3. The auxiliary device for processing titanium electrode coating with an anion suppression type according to claim 2, characterized in that: The mounting slot (52) is designed to be inclined.
4. The auxiliary device for processing titanium electrode coating with an anion suppression type according to claim 1, characterized in that: The temperature monitoring mechanism (6) includes a first thermocouple sensor (61) and a second thermocouple sensor (62); The protective shell (1) is symmetrically equipped with a first thermocouple sensor (61) on its inner wall. A second thermocouple sensor (62) connected to the inner wall of the protective shell (1) is provided on one side of the first thermocouple sensor (61). The first thermocouple sensor (61) is located above the heat-conducting plate (3), and the second thermocouple sensor (62) is located above the heat-conducting plate (3). The first thermocouple sensor (61) is electrically connected to the control cabinet (2) through a line, and the second thermocouple sensor (62) is electrically connected to the control cabinet (2) through a line.
5. The auxiliary device for processing titanium electrode coating with an anion suppression type according to claim 4, characterized in that: The temperature monitoring mechanism (6) also includes redundant sensors (63). A redundant sensor (63) is installed on the inner wall of the center of the heat-conducting plate (3), and the redundant sensor (63) is electrically connected to the control cabinet (2) via a circuit.

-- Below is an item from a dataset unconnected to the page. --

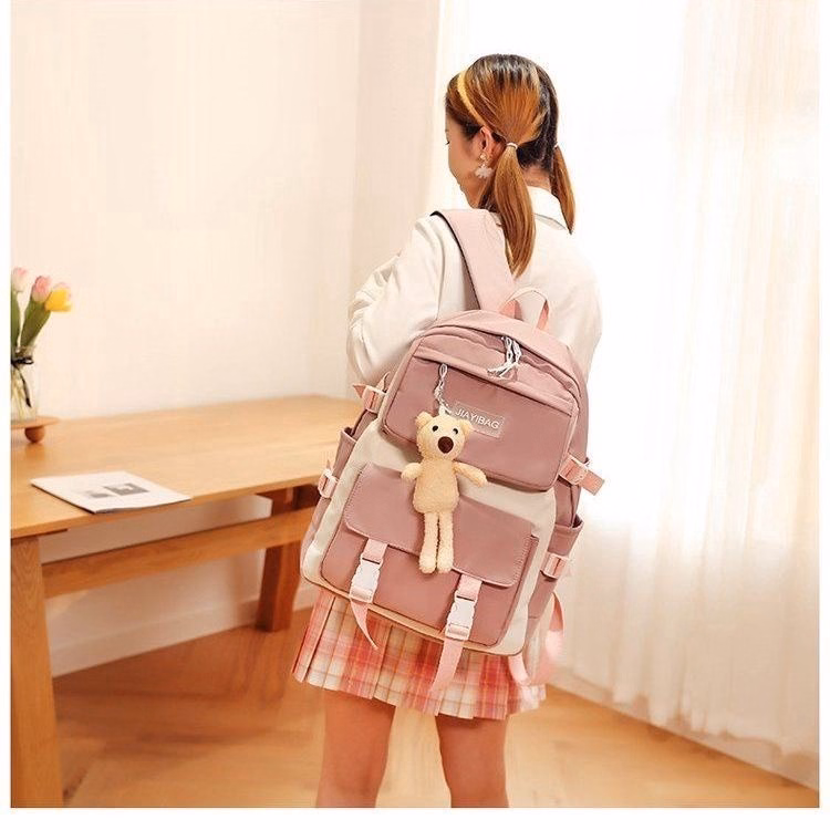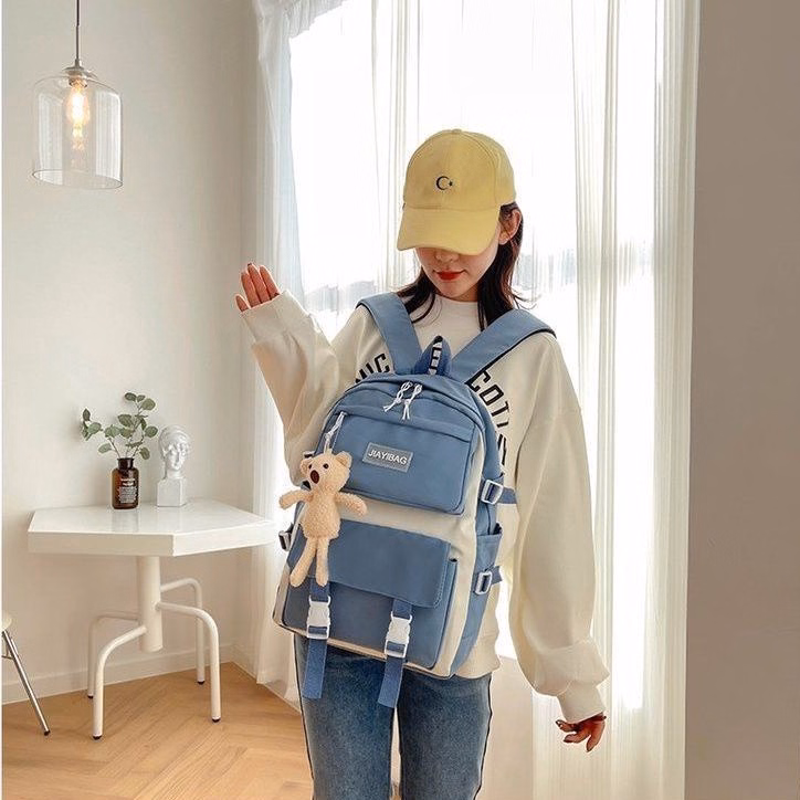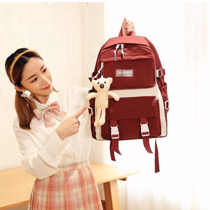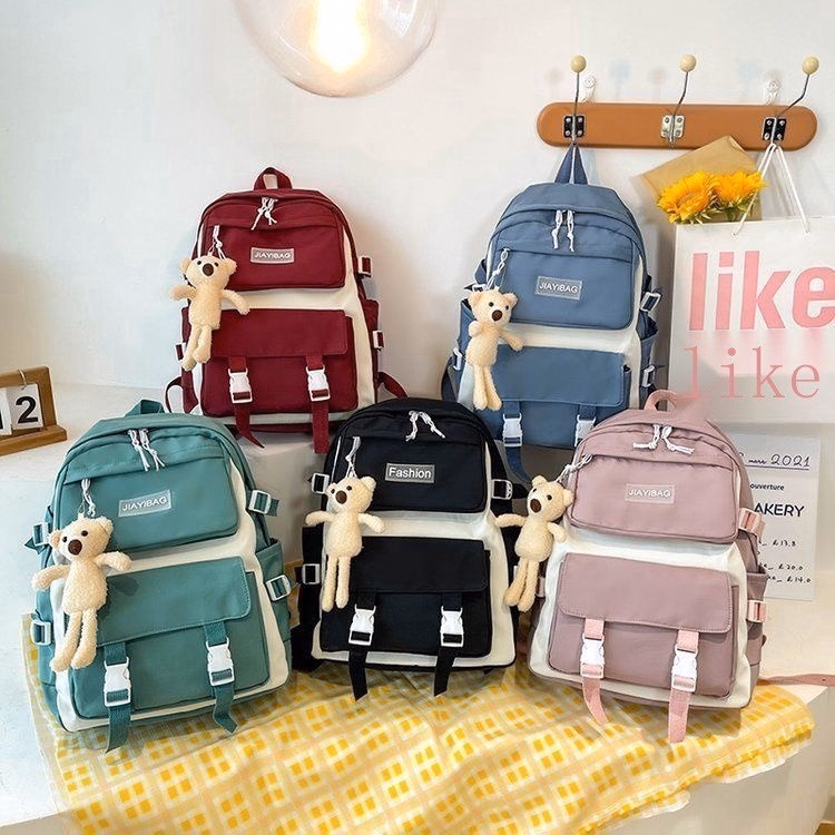 Balo Ulzzang Hàn Quôc Tặng Kèm Gấu Đựng Laptop Vải Dù Trượt Nước Thời Trang 701 – Larita Fashion

6. The auxiliary device for processing titanium electrode coating with an anion suppression type according to claim 1, characterized in that: Water-cooled coils (4) are symmetrically installed on the inner wall of the protective shell (1), and the water-cooled coils (4) are located above the temperature monitoring mechanism (6).
7. The auxiliary device for processing titanium electrode coating with an anion suppression type according to claim 6, characterized in that: Heat dissipation fins (7) are installed at equal intervals on the upper surface of the protective shell (1).